A gestão adequada dos recursos hídricos é um desafio global devido à crescente escassez de água em muitas regiões do mundo. Em um esforço para abordar essa questão crítica, alguns países como Canadá, China, Estados Unidos e os membros da União Europeia têm buscado criar regras supranacionais para a gestão das reservas de água.
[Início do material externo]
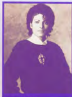
Michael Jackson Producer, Recording Artist, Singer Los Angeles
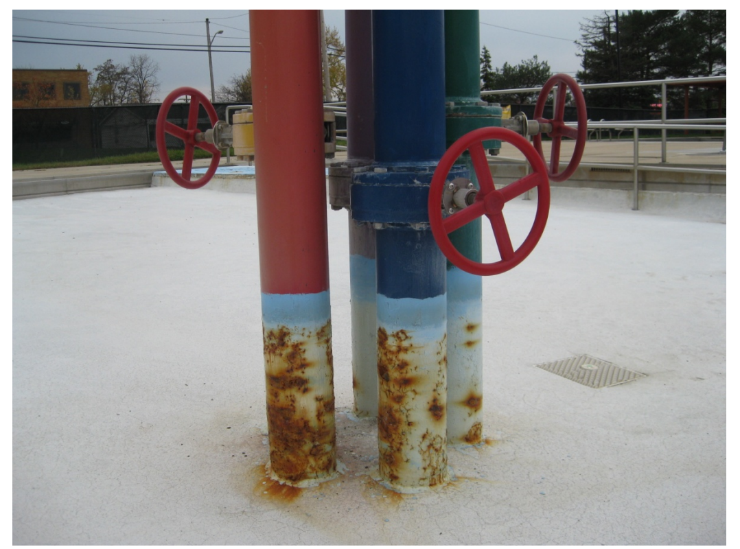
Base condition of water feature in wading pool
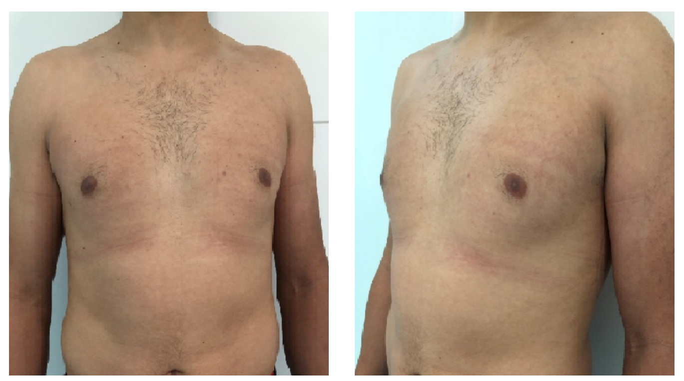
Figure 4. 34-year-old man with Simon grade 2 gynecomastia.

In 2010, the Royal College of Surgeons of England published the first article about a vacuum-assisted biopsy device associated with liposuction to provide a minimally invasive approach for GM, with excellent results<sup>8</sup>. The group suggested that ultrasound guidance could be positive in those cases. One year later, the Chinese experience with a vacuum-assisted biopsy device was also published<sup>9</sup>. Recently, the indications
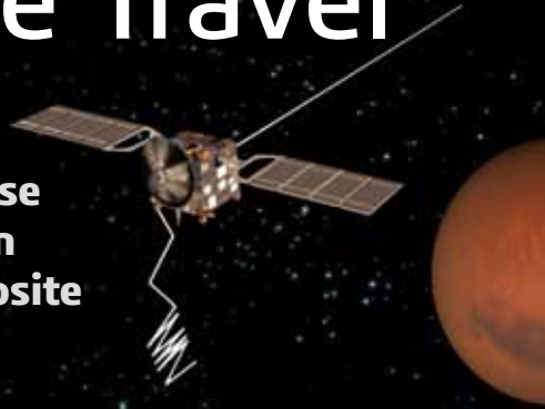
Figure 1. MARSIS satellite nearing Mars, showing one composite antenna boom already deployed and a second boom in the process of unfolding.

Caltech researchers use Abaqus FEA to design self-deploying composite booms for satellites
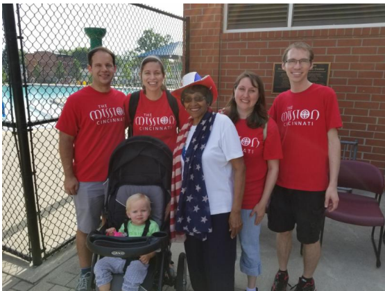
The Mission Cincinnati http://www.missioncincinnati.org/about/#who-we-are
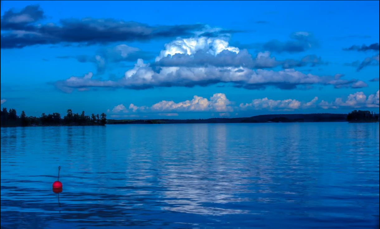
Early morning at Hässelbyholm
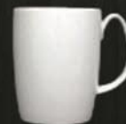
Tea Mug 4788 Av. Volume 430 ml Av. Weight 310 g
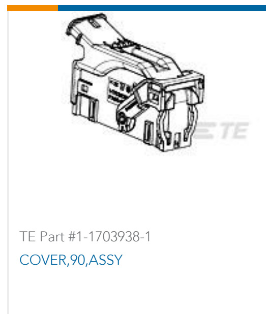
TE Part #1-1703938-1 COVER,90,ASSY
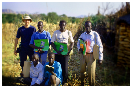
Tim Keller and newly equipped evangelists

plete with colorful flipcharts and 9-hours of Bible teaching tapes, from Genesis to the book of Acts, in various languages. The kit includes the Gospel Recordings Messenger, a rugged tape recorder that can operate on solar power or is hand cranked, thus eliminating the need for batteries (and there is no electricity!).
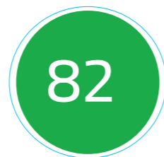
Countries To Which We Export
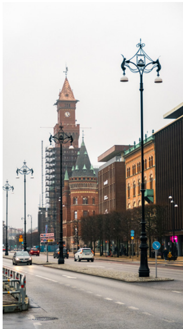
City of Helsingborg.

Local government associations play a fundamental role in raising local voices at the national level – this is especially because they are often crucial institutional gatekeepers that can convey the interests of medium- and small-sized cities, which are of paramount importance in global urbanisation.
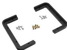
1430PF Special Application Panel Frame
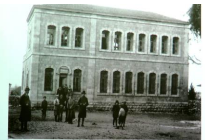
BET MIDRASH ABRABANEL LIBRARY 1892

All photos taken during visit of Voices Members at National Library of Israel to deposit 2019 Anthology, courtesy of Judith Fineberg.
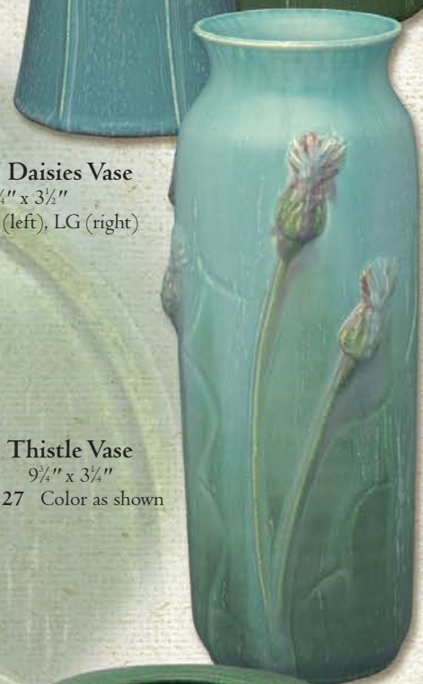
Thistle Vase 9\frac{3}{4}'' \times 3\frac{3}{4}'' #327 Color as shown
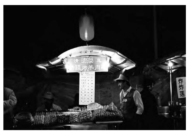
A Uighur selling goat meat from a cart at a Beijing night market.
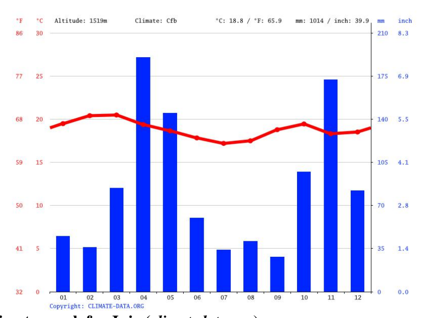
Figure 3: Climate graph for Juja (climatedata.org)

The project area is located along Gachororo Road, Juja, off Thika Road, opposite JKUAT University off Thika road, Kiambu County. Juja's climate is classified as warm and temperate. There is significant rainfall throughout the year in Juja. Even the driest month still has a lot of rainfall. This climate is considered to be Cfb according to the Köppen-Geiger climate classification. The temperature here averages 18.8 °C | 65.9 °F. In a year, the rainfall is 1014 mm | 39.9 inch.

A criação de regras supranacionais é entendida como uma estratégia para enfrentar a questão na medida em que permite:

  1. Cooperação internacional: A água é um recurso transfronteiriço, e muitas bacias hidrográficas se estendem por múltiplos países. A criação de regras supranacionais visa promover a cooperação entre nações para enfrentar desafios comuns na gestão das reservas de água, como a escassez, a poluição e a distribuição equitativa dos recursos hídricos.
  2. Prevenção de conflitos: A competição por recursos hídricos pode levar a tensões entre países. A criação de regras supranacionais busca evitar conflitos, estabelecendo diretrizes claras e mecanismos de resolução de disputas para a gestão compartilhada das bacias hidrográficas.
  3. Eficiência e sustentabilidade: A gestão coordenada das reservas de água pode levar a uma utilização mais eficiente e sustentável dos recursos hídricos. Através de regras supranacionais, os países podem implementar práticas de conservação, monitoramento e planejamento integrado, visando garantir a disponibilidade de água para as gerações futuras.

Esses países têm apoiado a criação de organizações internacionais para a gestão das águas, como a Organização das Nações Unidas para a Alimentação e a Agricultura (FAO) e o Programa das Nações Unidas para o Meio Ambiente (PNUMA). Também têm participado de acordos internacionais sobre a gestão das águas, como a Convenção das Nações Unidas sobre os Direitos das Nações Unidas sobre a Água e os Saneamento (UN Water Convention) e a Agenda 2030 para o Desenvolvimento Sustentável.

Os esforços desses países têm sido importantes para o desenvolvimento de um quadro global para a gestão das reservas de água. No entanto, ainda há muitos desafios a serem ultrapassados, como a falta de vontade política dos países, a falta de financiamento e a falta de dados e informações sobre o estado das reservas de água.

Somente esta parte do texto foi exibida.